• **EXERCISE DETAILS**
The copy must hold exactly the lines from the one with "ОТВЕТ на задание" through the end of the listing below, and nothing else, with no pictures.
+ + + + +
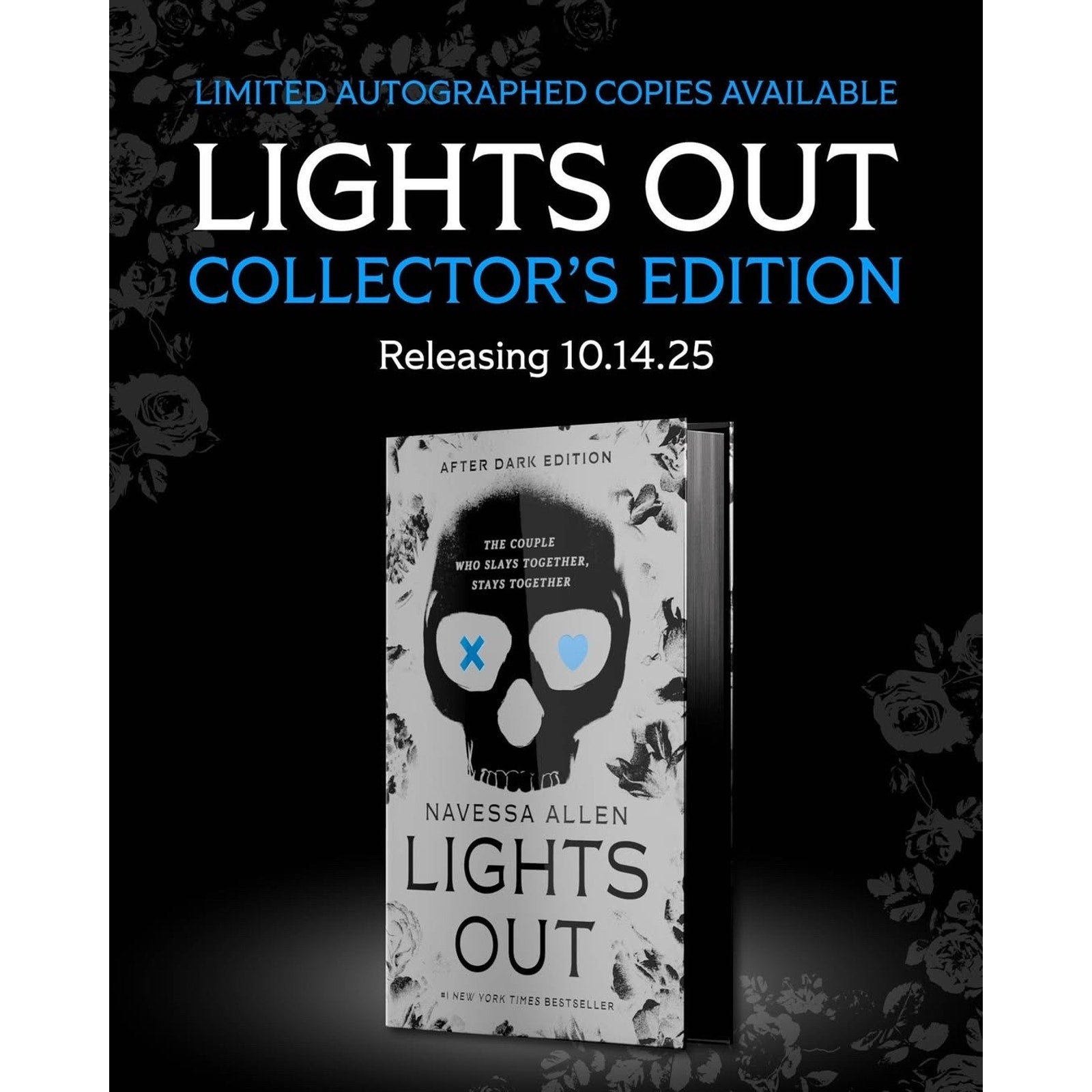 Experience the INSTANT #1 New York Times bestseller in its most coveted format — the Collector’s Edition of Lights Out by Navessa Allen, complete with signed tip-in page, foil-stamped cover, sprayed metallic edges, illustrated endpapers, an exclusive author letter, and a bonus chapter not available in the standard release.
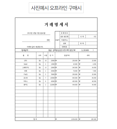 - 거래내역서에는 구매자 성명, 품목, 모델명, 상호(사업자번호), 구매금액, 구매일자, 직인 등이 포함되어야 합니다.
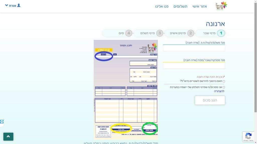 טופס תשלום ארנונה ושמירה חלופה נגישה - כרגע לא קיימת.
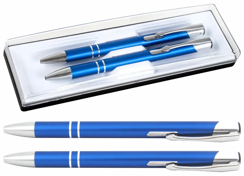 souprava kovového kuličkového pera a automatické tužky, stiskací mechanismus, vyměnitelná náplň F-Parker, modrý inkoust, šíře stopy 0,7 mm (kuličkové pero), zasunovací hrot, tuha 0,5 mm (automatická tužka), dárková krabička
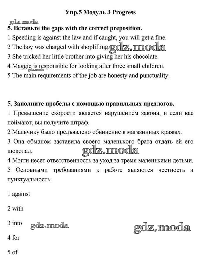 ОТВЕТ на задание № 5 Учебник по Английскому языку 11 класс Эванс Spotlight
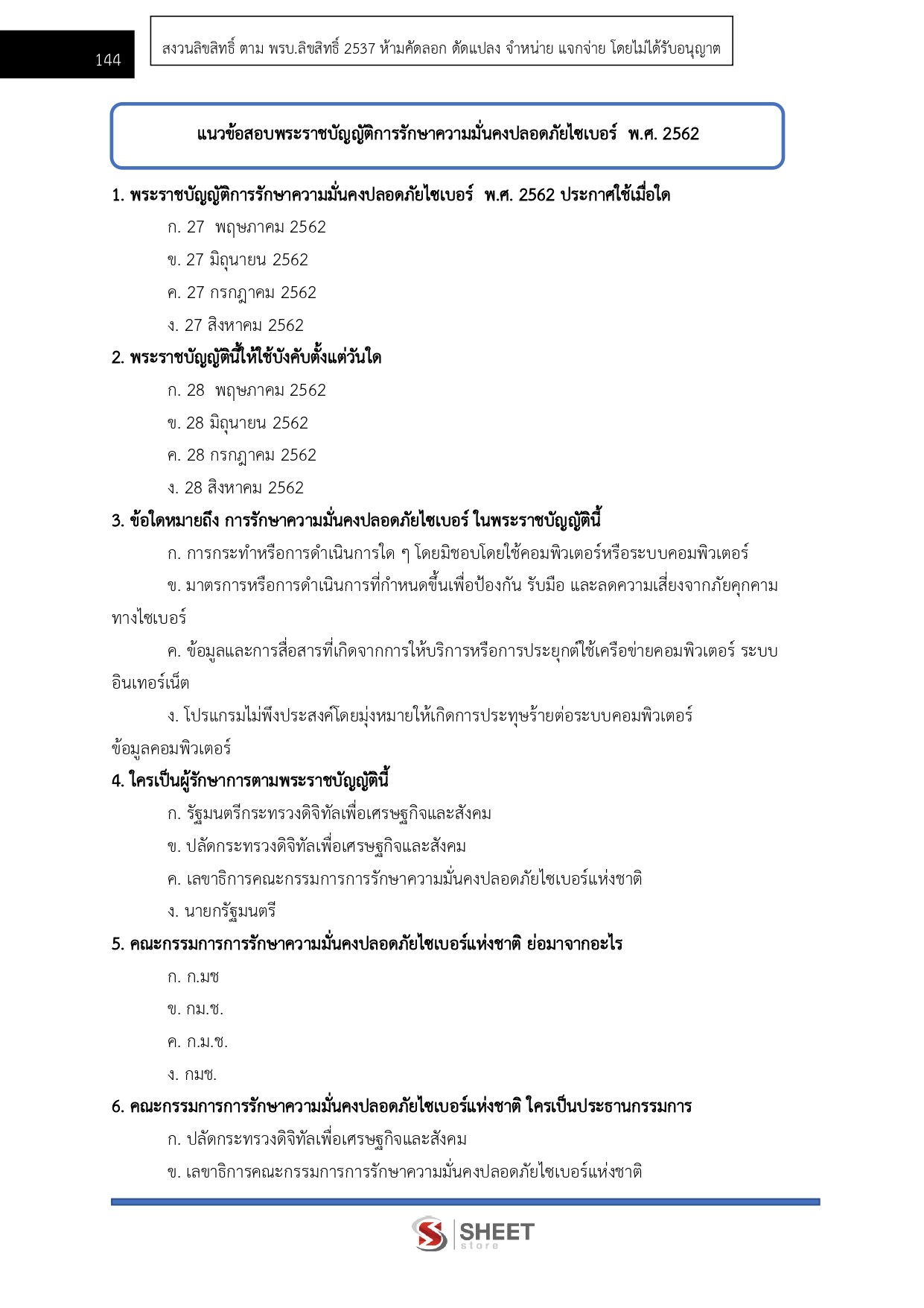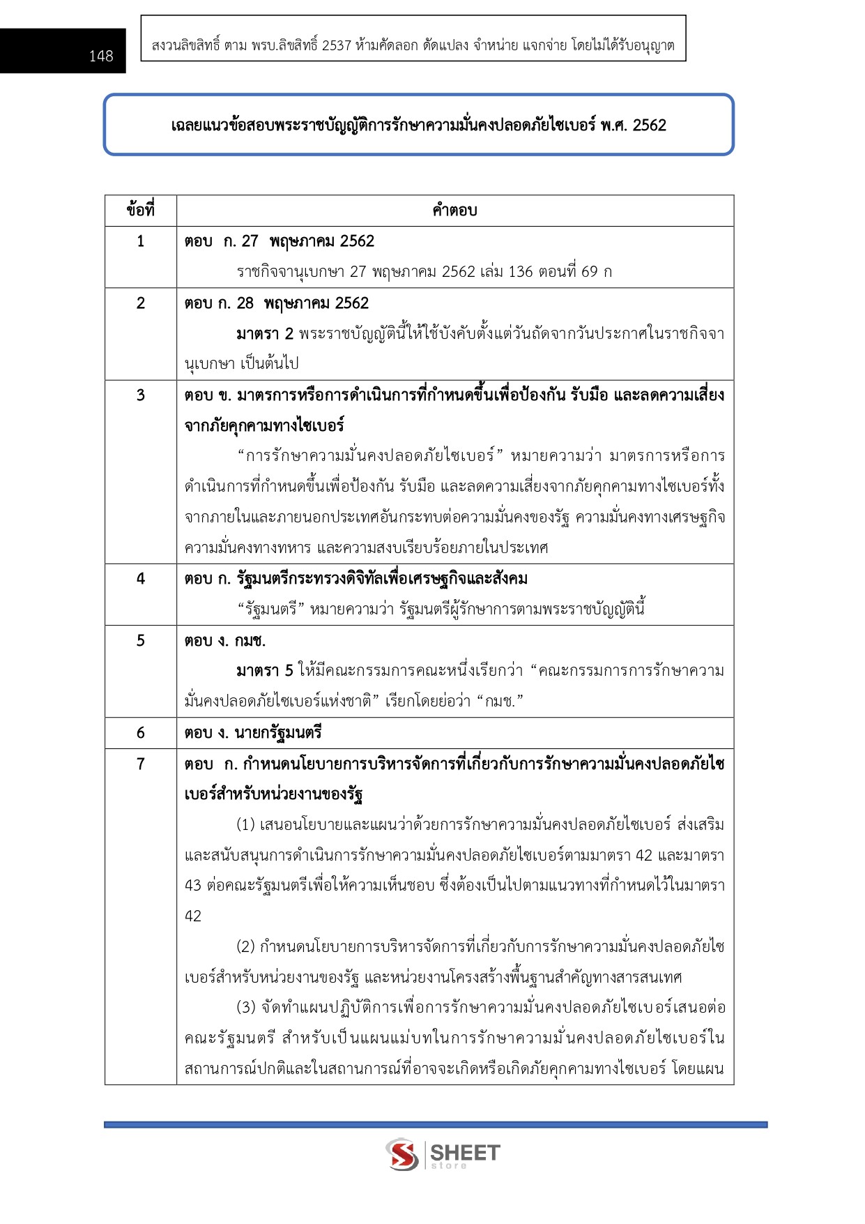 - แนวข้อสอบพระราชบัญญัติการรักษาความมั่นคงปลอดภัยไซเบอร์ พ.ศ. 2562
+ + + + +
• **ANSWER SPACE**
 ОТВЕТ на задание № 5 Учебник по Английскому языку 11 класс Эванс Spotlight
 - แนวข้อสอบพระราชบัญญัติการรักษาความมั่นคงปลอดภัยไซเบอร์ พ.ศ. 2562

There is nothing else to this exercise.